Your quality of sleep has a direct impact on your physical and mental well-being, including your temperament and ability to focus. Some people simply lay their head on the pillow, turn out the lights, and off to dreamland they go! But for most people, getting to sleep and then enjoying a good night’s sleep can be a challenge. Sometimes, just the thought of having to go to sleep is a source of stress.
 
Many things affect your quality of sleep, from what you eat, how active you are, screen time before bed, your room temperature, even your pillow! The good news is that there are ways you can control all of these factors to work in your favor, enabling you to fall asleep faster and into a deeper, longer-lasting sleep. While some sleep issues require medical attention, particularly if you suffer from frequent insomnia, the majority of sleep issues can be rectified naturally by following a few simple steps, both during the day and at night before bedtime.
 
How much sleep should you be getting?
Insufficient sleep can lead to cardiovascular disease, obesity and can even speed up the aging process!
 
Experts recommend that in order to achieve optimal physical and mental functionality, the average adult should get between 7-8 hours of sleep each night. School aged children require 9-11 hours and toddlers 9-10 hours with an average naptime of 2 hours during the day. And while some adults enjoy the indulgence of a daytime nap, anything longer than half an hour can prevent a restful sleep at nighttime.

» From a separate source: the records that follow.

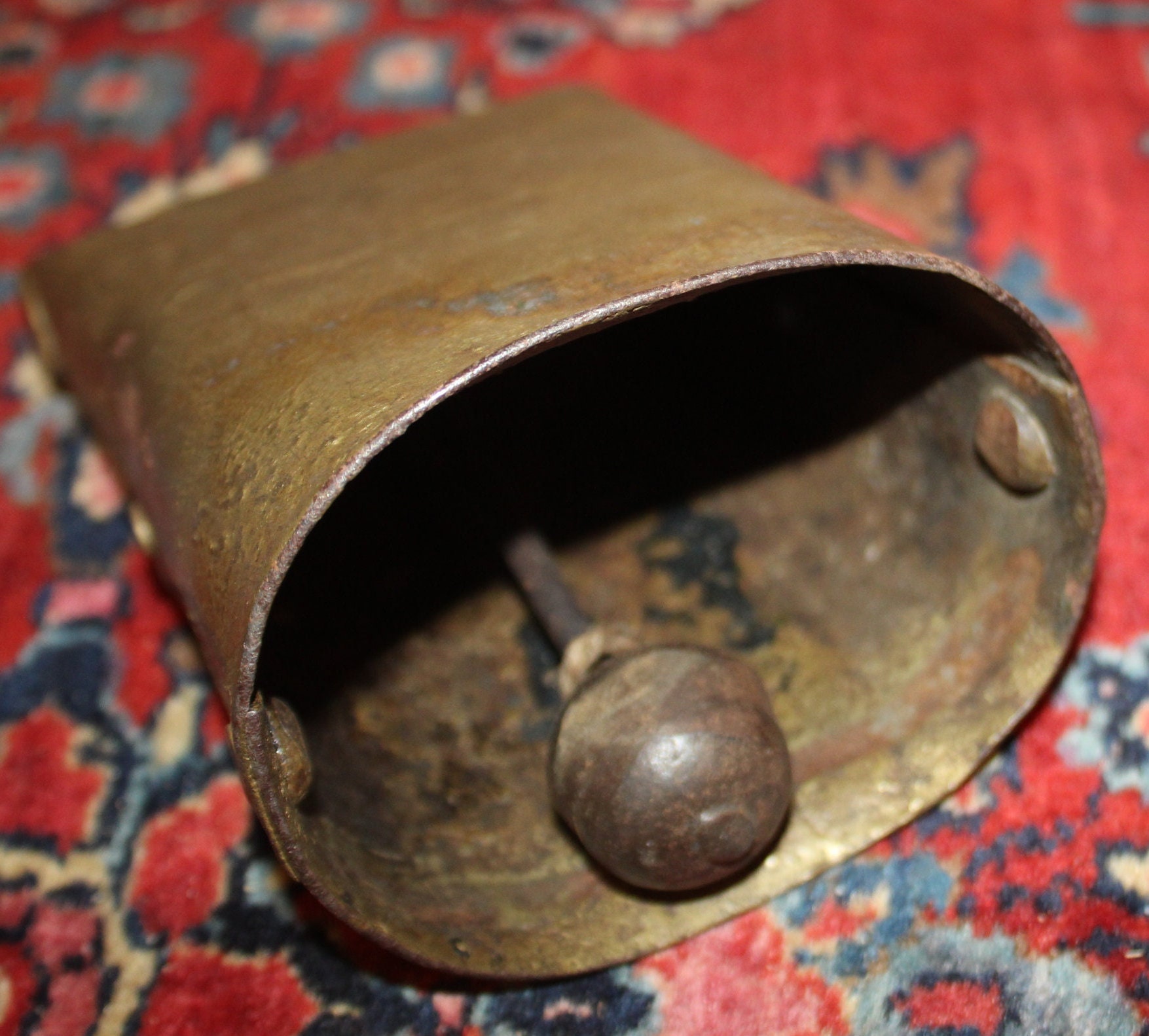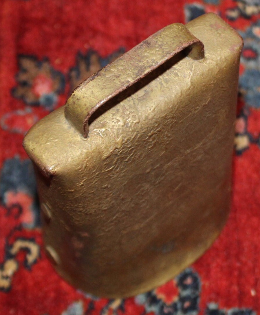 This Antique Gold-painted Iron Hand Hammered Cow Bell would be a great addition to your farm house decor! The iron is hand hammered and has a gorgeous patina- the clapper is original and sounds fantastic! It is 6.5"x 4"x 3"(at the base). Please message us if you have any questions-Thanks for looking!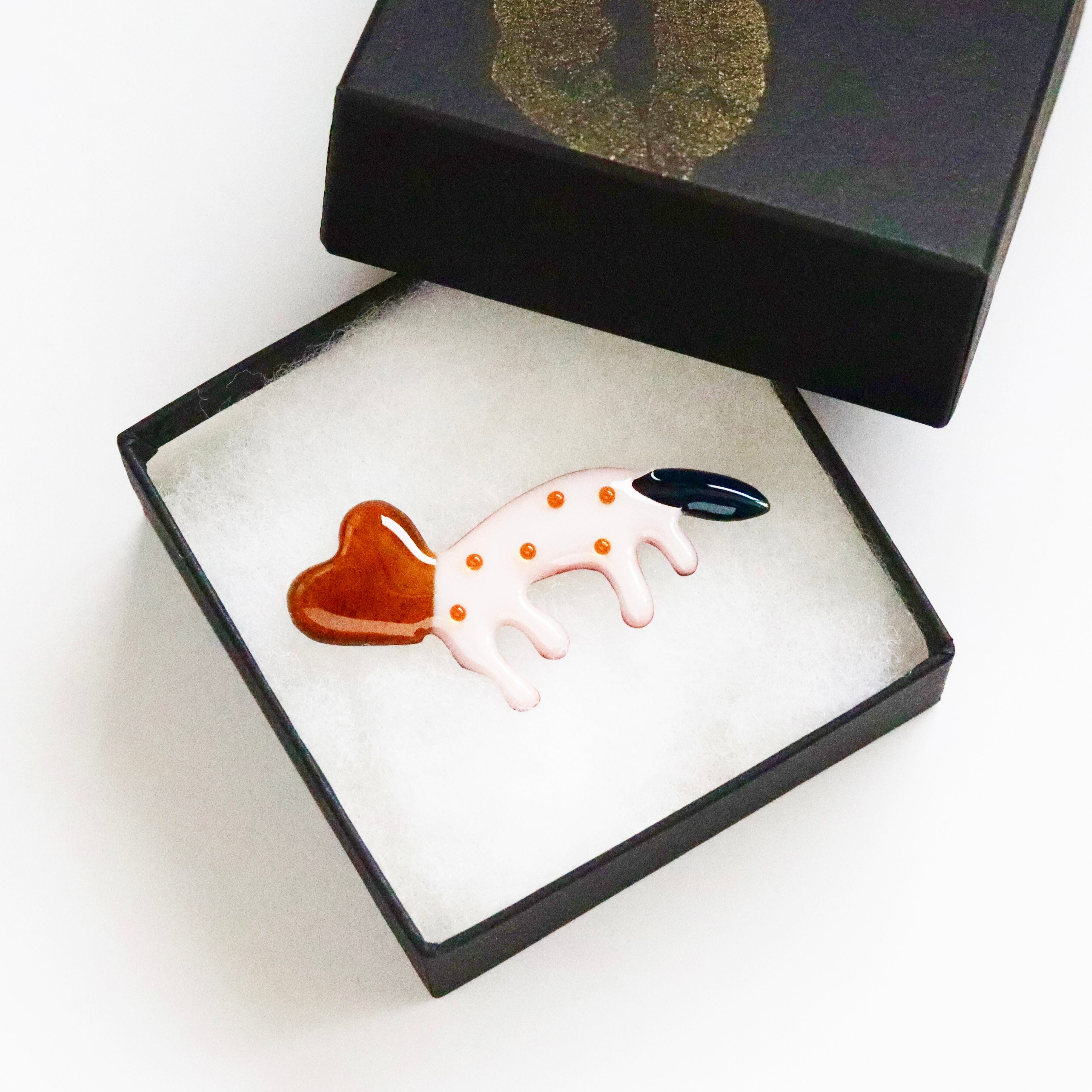 頭部がハート型のちょっぴりシュールないきものを七宝焼きで表現しました。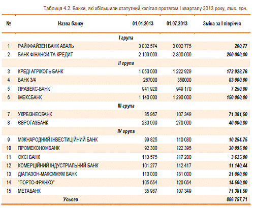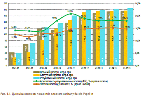 і становив 176,08 млрд. грн. станом на 01.07.2013р. Розмір власного капіталу і

7 tips for a more restful night’s sleep
  1. Create a bedtime ritual: Parents use bedtime rituals to get their young children to sleep and the same principle works for adults as well. Having a routine before bed helps to condition your mind and body for sleep. Some things to include may be your grooming routine (brushing your teeth, washing your face, taking a warm bath), reading a chapter from a book, deep-breathing meditation while sitting on your bed, or sharing the positives from your day with your partner before your head hits the pillow. Positive affirmations before bed have been proven to induce deeper sleep.
  2. Stick to a schedule: Research shows that sticking to the same bedtime each night reinforces your body’s natural sleep-wake cycle. If you feel that you don’t go to bed early enough, do not drastically change your bedtime but instead go to bed ten minutes earlier each night for a week. By the weekend, you will have set your body clock back by an hour, therefore gradually settling into a new schedule whereby you are getting an extra hour of sleep each night.
  3. Be mindful of what you eat and drink: You should never go to bed hungry or over-full. The discomfort of either sensation will keep you awake. As a general rule of thumb, give yourself at least three hours to fully digest your last meal before going to bed. If you must snack in the evenings after dinner, stick to light foods that are easy to digest. Your body will burn the majority of the energy from that last meal in your final waking hours, so that by the time you go to sleep, your metabolism has slowed down and your body is better prepared to sleep.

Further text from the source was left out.